In 1999 the Congress enacted and President Clinton signed into law the Gramm-Leach-Bliley Act, also known as the "Financial Services Modernization Act". This law repealed the part of the Glass-Steagall Act that had prohibited a bank from offering a full range of investment, commercial banking, and insurance services since its enactment in 1933. A similar bill was introduced in 1998 by Senator Phil Gramm but it was unable to complete the legislative process into law. Resistance to enacting the 1998 bill, as well as the subsequent 1999 bill, centered around the legislation's language which would expand the types of banking institutions of the time into other areas of service but would not be subject to CRA compliance in order to do so. The Senator also demanded full disclosure of any financial "deals" which community groups had with banks, accusing such groups of "extortion".[57]

In the fall of 1999, Senators Christopher Dodd and Charles E. Schumer prevented another impasse by securing a compromise between Sen. Gramm and the Clinton Administration by agreeing to amend the "Federal Deposit Insurance Act" (12 U.S.C. ch.16) to allow banks to merge or expand into other types of financial institutions. The new Gramm-Leach-Bliley Act's FDIC related provisions, along with the addition of sub-section § 2903(c) directly to Title 12, insured any bank holding institution wishing to be re-designated as a financial holding institution by the Board of Governors of the Federal Reserve System would also have to follow Community Reinvestment Act compliance guidelines before any merger or expansion could take effect.[58]

At the same time the G-L-B Act's changes to the "Federal Deposit Insurance Act" would now allow for bank expansions into new lines of business, non-affiliated groups entering into agreements with these bank or financial institutions would also have to be reported as outlined under the newly added section to Title 12, § 1831y. (CRA Sunshine Requirements), satisfying Sen. Gramm's concerns.[59][60]

In conjunction with the above "Gramm-Leach-Bliley Act" changes, smaller banks would be reviewed less frequently for CRA compliance by the addition of §2908. (Small Bank Regulatory Relief) directly to Chapter 30, (the existing CRA laws), itself. The 1999 Act also mandated two studies to be conducted in connection with the "Community Reinvestment Act": [61]
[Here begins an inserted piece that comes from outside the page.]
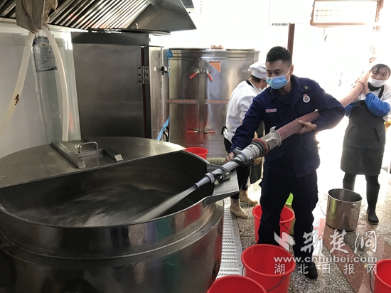 而在老虎頭小學(xué),消防員熟練地接好水帶、水槍,將清水注入學(xué)校儲水池內(nèi)。“有了消防員送來的水,孩子們中午可以放心吃飯了?!币幻趯W(xué)校廚房準(zhǔn)備做飯的廚師說。

* the first report by the Federal Reserve, to be delivered to Congress by March 15, 2000, is a comprehensive study of CRA to focus on default and delinquency rates, and the profitability of loans made in connection with CRA; [62]
* the second report to be conducted by the Treasury Department over the next two years, is intended to determine the impact of the Act on the provision of services to low- and moderate-income neighborhoods and people, as intended by CRA.[63]

On signing the "Gramm-Leach-Bliley Act", President Clinton said that it, "establishes the principles that, as we expand the powers of banks, we will expand the reach of the [Community Reinvestment] Act".[64]
GLB repealed part of the Glass Steagall Act from 1933, as the last quote states.
The argument for preserving Glass-Steagall (as written in 1987):

1. Conflicts of interest characterize the granting of credit — lending — and the use of credit — investing — by the same entity, which led to abuses that originally produced the Act.

2. Depository institutions possess enormous financial power, by virtue of their control of other people’s money; its extent must be limited to ensure soundness and competition in the market for funds, whether loans or investments.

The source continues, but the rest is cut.